(DATASET SECTION Opens)

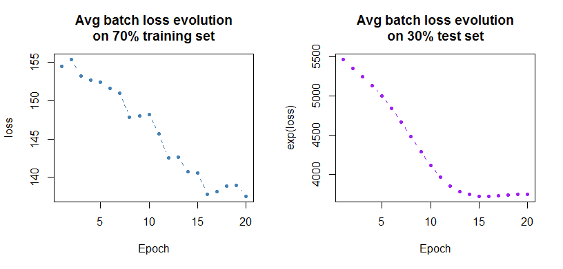 loss      <- model$fit(data = dtm, optimizer = optimizer, epoch = 20, batch_size = 1000)
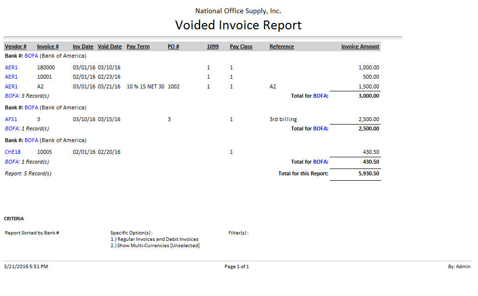 The Voided Invoice Report allows you to view voided AP invoices and information related to the invoice. You can use this report together with the AP Voucher # Report to verify missing voucher numbers, if there are any.
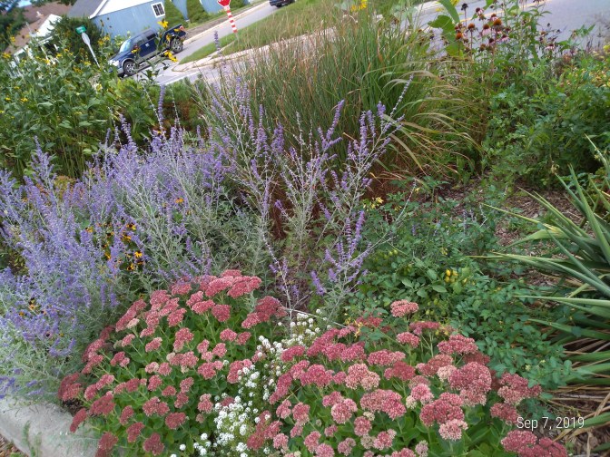 The garden above looks to me like more of that lovely Russian Sage, with some Autumn Joy Sedum, Purple Coneflower and lots of other things that look wild, but just aren’t!

(DATASET SECTION Closes)

## WORK TASK
Would you give again exactly the lines from the line containing "The Voided Invoice" through the end of the listing, both ends included, without any pictures?

## RESULT OF THIS EXERCISE
 The Voided Invoice Report allows you to view voided AP invoices and information related to the invoice. You can use this report together with the AP Voucher # Report to verify missing voucher numbers, if there are any.
 The garden above looks to me like more of that lovely Russian Sage, with some Autumn Joy Sedum, Purple Coneflower and lots of other things that look wild, but just aren’t!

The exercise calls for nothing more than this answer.